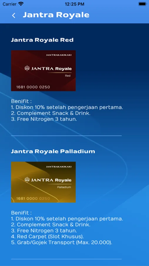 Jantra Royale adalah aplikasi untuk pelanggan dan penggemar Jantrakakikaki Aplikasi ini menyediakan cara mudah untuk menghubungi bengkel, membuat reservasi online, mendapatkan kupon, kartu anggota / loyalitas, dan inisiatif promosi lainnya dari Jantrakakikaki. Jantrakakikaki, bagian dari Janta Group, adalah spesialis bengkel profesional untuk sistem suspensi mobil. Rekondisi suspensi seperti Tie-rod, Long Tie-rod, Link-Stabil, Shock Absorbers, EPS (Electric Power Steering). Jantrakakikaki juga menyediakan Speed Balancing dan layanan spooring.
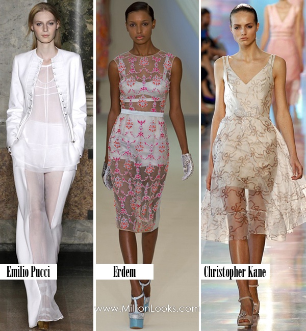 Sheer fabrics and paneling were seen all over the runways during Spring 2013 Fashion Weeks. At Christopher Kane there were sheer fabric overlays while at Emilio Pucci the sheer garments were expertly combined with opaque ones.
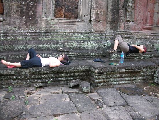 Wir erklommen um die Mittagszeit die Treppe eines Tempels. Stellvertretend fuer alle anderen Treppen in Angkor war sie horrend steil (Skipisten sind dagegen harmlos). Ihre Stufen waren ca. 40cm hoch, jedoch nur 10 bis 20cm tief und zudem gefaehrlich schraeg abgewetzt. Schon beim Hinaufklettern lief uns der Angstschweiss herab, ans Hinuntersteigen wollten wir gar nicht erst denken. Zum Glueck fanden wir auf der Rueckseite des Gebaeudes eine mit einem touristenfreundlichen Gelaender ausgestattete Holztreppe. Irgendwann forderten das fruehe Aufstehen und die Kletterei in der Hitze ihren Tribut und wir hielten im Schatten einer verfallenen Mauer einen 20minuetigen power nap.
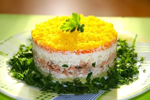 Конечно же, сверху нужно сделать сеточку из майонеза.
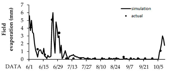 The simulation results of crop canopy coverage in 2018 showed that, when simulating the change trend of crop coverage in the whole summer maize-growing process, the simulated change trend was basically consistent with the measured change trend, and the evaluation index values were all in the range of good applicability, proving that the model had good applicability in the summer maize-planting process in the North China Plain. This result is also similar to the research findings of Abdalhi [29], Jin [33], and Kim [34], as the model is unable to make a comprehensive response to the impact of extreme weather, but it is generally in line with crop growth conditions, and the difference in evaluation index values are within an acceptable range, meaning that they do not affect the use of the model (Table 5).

--------

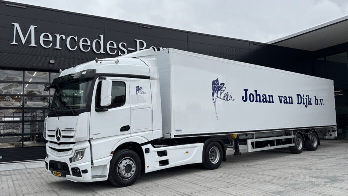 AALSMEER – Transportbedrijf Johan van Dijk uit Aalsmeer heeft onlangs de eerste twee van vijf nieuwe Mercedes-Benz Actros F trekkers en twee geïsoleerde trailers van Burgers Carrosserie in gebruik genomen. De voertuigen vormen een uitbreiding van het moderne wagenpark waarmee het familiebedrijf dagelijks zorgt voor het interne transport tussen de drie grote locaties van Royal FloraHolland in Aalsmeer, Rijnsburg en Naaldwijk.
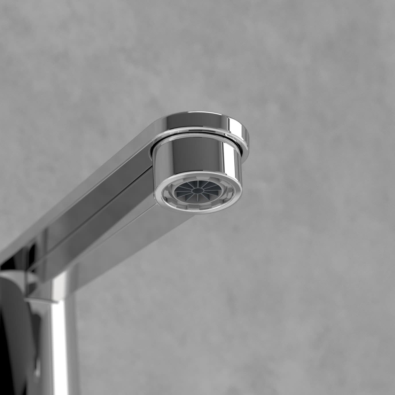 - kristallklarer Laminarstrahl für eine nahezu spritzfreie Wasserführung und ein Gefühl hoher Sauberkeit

--------

▶ Task item
Transcribe the listing above exactly, but only from the line with "Wir erklommen um" through the line with "The simulation results". Include both of those lines and omit the pictures.

▶ Reply to the task
 Wir erklommen um die Mittagszeit die Treppe eines Tempels. Stellvertretend fuer alle anderen Treppen in Angkor war sie horrend steil (Skipisten sind dagegen harmlos). Ihre Stufen waren ca. 40cm hoch, jedoch nur 10 bis 20cm tief und zudem gefaehrlich schraeg abgewetzt. Schon beim Hinaufklettern lief uns der Angstschweiss herab, ans Hinuntersteigen wollten wir gar nicht erst denken. Zum Glueck fanden wir auf der Rueckseite des Gebaeudes eine mit einem touristenfreundlichen Gelaender ausgestattete Holztreppe. Irgendwann forderten das fruehe Aufstehen und die Kletterei in der Hitze ihren Tribut und wir hielten im Schatten einer verfallenen Mauer einen 20minuetigen power nap.
 Конечно же, сверху нужно сделать сеточку из майонеза.
 The simulation results of crop canopy coverage in 2018 showed that, when simulating the change trend of crop coverage in the whole summer maize-growing process, the simulated change trend was basically consistent with the measured change trend, and the evaluation index values were all in the range of good applicability, proving that the model had good applicability in the summer maize-planting process in the North China Plain. This result is also similar to the research findings of Abdalhi [29], Jin [33], and Kim [34], as the model is unable to make a comprehensive response to the impact of extreme weather, but it is generally in line with crop growth conditions, and the difference in evaluation index values are within an acceptable range, meaning that they do not affect the use of the model (Table 5).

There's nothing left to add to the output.